Let's end the script by defining a main() function that calls the functions defined above in the proper order. Then we can call the main() function with an if __name__ == "__main__": line.

def main():
    raw_data_array = import_data()
    clean_data_array = clean_data(raw_data_array)
    stress, strain = get_stress_and_strain(clean_data_array)
    plot(strain, stress)
    ts = get_tensile_strength(stress, strain)
    te = get_total_extension(stress, strain)
    print(f"Tensile Strength: {ts}, Total Extension: {te}")


if __name__ == "__main__":
    main()

Run the script from the command line.

> python analysis.py

A plot should be produced and the output should be the same as when the script didn't contain any user-defined functions.

Now that we've divided our script up into functions, we can make sure our script doesn't modify our raw data by writing another test.

Test if the code modifies the data

ice

When our code runs, it should not modify, rename, rewrite or otherwise change our original data.

Scientific code should not modify, rename or rewrite the original data

Let's create a new test file in the tests/ directory called test_data_unchanged.py. The directory structure should now look like:

project/
    analysis.ipynb
    analysis.py
    requirements.txt
    runtime.txt
    plot.png
    data/
        raw_data.csv
    tests/
        __init__.py
        test_dependencies.py
        test_python_version.py
        test_system_encoding.py
        test_data_unchanged.py

The test to make sure our script doesn't change the raw data file is below. All the attributes listed in the test from the os.stat object should be the same before the script runs and after the script runs.

# tests/test_data_unchanged.py

import os
from pathlib import Path

import analysis


def test_data_is_unchanged():
    fp1 = Path("data/raw_data.csv")
    d1 = os.stat(fp1)
    analysis.main()
    fp2 = Path("data/raw_data.csv")
    d2 = os.stat(fp2)
    assert (
        d1.st_mode == d2.st_mode
        and d1.st_ino == d2.st_ino
        and d1.st_dev == d2.st_dev
        and d1.st_nlink == d2.st_nlink
        and d1.st_uid == d2.st_uid
        and d1.st_gid == d2.st_gid
        and d1.st_size == d2.st_size
        and d1.st_mtime == d2.st_mtime
        and d1.st_ctime == d2.st_ctime
    )

Run the data_is_unchanged() test from the command line. If the test passes, that means the data file raw_data.csv is not modified by our script.

python -m pytest tests/test_data_unchanged.py

============================== test session starts ===============================
platform linux -- Python 3.8.5, pytest-6.2.2, py-1.10.0, pluggy-0.13.1
rootdir: /home/peter/Documents/testing-scientific-code
collected 1 item                                                                 

tests/test_data_unchanged.py .                                             [100%]
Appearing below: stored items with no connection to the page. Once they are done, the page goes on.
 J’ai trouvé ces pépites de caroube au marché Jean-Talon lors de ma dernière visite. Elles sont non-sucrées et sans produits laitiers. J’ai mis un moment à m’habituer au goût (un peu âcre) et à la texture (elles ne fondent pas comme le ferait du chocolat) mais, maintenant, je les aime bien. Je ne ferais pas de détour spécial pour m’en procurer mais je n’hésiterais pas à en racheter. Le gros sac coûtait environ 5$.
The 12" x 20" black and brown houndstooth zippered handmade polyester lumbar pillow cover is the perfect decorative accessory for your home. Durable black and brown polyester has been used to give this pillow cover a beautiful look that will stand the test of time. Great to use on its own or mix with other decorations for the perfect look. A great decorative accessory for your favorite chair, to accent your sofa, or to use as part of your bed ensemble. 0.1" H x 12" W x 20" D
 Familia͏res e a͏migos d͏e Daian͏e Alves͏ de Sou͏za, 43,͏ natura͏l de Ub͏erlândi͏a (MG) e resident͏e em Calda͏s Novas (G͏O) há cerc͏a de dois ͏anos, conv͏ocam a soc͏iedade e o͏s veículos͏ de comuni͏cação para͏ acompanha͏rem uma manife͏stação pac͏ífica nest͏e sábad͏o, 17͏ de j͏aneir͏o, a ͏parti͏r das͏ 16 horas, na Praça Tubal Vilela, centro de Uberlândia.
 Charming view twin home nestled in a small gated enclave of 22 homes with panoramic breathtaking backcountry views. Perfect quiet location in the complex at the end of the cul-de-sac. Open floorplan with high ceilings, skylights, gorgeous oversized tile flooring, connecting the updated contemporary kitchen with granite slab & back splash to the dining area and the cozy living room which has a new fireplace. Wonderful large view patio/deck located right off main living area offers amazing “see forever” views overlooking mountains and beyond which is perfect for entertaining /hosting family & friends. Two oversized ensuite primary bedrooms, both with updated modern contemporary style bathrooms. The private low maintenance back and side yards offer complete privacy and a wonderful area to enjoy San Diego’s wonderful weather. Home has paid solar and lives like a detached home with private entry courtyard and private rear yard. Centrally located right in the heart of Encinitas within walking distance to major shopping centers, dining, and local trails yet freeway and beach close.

========================== 1 passed, 1 warning in 0.40s ==========================

To test the functions in the script itself, it is helpful for each function in the script to accept input and produce output. Therefore, next, we'll modify the functions of our script and make sure each function includes inputs and outputs.
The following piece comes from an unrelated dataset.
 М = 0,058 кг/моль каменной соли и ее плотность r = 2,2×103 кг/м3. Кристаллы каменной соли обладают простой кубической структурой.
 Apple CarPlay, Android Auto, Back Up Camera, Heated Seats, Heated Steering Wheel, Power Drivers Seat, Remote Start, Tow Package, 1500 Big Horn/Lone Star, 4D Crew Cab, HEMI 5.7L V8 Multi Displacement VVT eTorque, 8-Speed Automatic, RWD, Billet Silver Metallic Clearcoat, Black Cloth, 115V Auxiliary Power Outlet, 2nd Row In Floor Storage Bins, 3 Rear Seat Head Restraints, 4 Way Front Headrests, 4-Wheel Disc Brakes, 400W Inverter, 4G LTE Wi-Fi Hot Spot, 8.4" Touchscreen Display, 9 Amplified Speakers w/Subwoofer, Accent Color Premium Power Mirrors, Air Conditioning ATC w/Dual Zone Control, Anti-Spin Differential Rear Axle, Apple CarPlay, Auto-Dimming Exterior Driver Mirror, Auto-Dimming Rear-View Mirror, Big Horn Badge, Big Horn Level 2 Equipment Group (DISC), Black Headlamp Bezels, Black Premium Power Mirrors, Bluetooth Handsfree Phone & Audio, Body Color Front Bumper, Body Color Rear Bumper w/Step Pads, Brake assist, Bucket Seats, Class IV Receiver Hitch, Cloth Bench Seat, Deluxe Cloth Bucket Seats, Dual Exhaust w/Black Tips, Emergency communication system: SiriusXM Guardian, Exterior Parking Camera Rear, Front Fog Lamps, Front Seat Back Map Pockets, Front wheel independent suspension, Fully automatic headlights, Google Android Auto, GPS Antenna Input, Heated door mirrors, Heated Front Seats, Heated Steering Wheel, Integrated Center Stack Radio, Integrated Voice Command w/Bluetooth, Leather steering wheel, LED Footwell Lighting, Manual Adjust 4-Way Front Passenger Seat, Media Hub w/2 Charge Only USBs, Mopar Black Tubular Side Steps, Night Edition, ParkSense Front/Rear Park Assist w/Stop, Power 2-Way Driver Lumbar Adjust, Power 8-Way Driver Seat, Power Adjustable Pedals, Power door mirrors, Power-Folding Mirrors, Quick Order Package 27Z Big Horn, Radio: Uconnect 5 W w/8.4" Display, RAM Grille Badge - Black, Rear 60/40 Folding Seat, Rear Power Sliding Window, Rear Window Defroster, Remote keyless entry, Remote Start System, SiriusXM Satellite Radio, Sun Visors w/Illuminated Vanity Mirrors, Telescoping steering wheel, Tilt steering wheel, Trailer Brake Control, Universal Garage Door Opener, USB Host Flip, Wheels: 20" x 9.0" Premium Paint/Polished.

Ensure each function accepts input and produces output

pipe

Now that we know our script doesn't modify the data it uses, we are going to modify the functions of our script to be more testable. To make these functions more testable, we'll add inputs and output where possible.

Is it clear what the input and output of our functions should be? For a function that produces a plot, assign the outputs as Matplotlib fig and ax objects. The code below includes modifications to our script analysis.py.

# analysis.py

from pathlib import Path

import numpy as np
import pandas as pd
import matplotlib.pyplot as plt


def import_data(f_path):
    df = pd.read_csv(f_path)
    np_raw_array = np.array(df)
    return np_raw_array


def clean_data(raw_np_array):
    np_array = raw_np_array[1:, :]
    return np_array


def get_stress_and_strain(cleaned_data_array):
    d = 0.506
    A0 = np.pi * (d / 2) ** 2
    F = cleaned_data_array[:, 4] * 0.001
    stress = F / A0
    strain = cleaned_data_array[:, 5] * 0.01
    return stress, strain


def plot(x, y, title, x_label, y_label, f_name):
    fig, ax = plt.subplots()
    ax.plot(x, y)
    ax.set_title(title)
    ax.set_xlabel(x_label)
    ax.set_ylabel(y_label)
    save_plot(fig, f_name)
    plt.show()
    return fig, ax


def save_plot(fig, fname):
    fig.savefig(fname)
    return fig


def get_tensile_strength(stress, strain):
    return np.max(stress).round(3)


def get_total_extension(stress, strain):
    return np.max(strain) - np.min(strain)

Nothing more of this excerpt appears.